• Work item: Copy exactly the stretch of data below from the line with "Med smaklökarna nöjda" through the line with "In fact, Homare", including both of those lines.
═══ Data for processing ═══
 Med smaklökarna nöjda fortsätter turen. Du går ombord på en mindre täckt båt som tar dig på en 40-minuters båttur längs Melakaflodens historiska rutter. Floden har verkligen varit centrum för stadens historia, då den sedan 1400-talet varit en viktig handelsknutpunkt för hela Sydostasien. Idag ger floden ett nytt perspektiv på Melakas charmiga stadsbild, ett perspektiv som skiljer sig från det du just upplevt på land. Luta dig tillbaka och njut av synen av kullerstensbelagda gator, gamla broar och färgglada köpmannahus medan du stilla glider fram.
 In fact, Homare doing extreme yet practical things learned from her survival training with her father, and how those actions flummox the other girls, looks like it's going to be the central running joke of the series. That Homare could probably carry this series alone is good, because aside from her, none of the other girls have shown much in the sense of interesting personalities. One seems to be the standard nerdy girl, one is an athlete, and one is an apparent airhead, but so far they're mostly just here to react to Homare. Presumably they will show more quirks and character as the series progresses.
═══
═══ Data for processing ═══
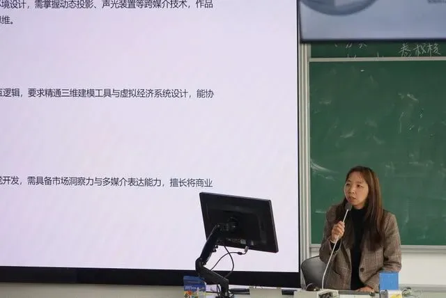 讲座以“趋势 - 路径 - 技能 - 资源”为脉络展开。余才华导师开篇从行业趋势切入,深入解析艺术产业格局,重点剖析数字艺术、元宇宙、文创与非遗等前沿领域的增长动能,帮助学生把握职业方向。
═══
• Answer section:
 Med smaklökarna nöjda fortsätter turen. Du går ombord på en mindre täckt båt som tar dig på en 40-minuters båttur längs Melakaflodens historiska rutter. Floden har verkligen varit centrum för stadens historia, då den sedan 1400-talet varit en viktig handelsknutpunkt för hela Sydostasien. Idag ger floden ett nytt perspektiv på Melakas charmiga stadsbild, ett perspektiv som skiljer sig från det du just upplevt på land. Luta dig tillbaka och njut av synen av kullerstensbelagda gator, gamla broar och färgglada köpmannahus medan du stilla glider fram.
 In fact, Homare doing extreme yet practical things learned from her survival training with her father, and how those actions flummox the other girls, looks like it's going to be the central running joke of the series. That Homare could probably carry this series alone is good, because aside from her, none of the other girls have shown much in the sense of interesting personalities. One seems to be the standard nerdy girl, one is an athlete, and one is an apparent airhead, but so far they're mostly just here to react to Homare. Presumably they will show more quirks and character as the series progresses.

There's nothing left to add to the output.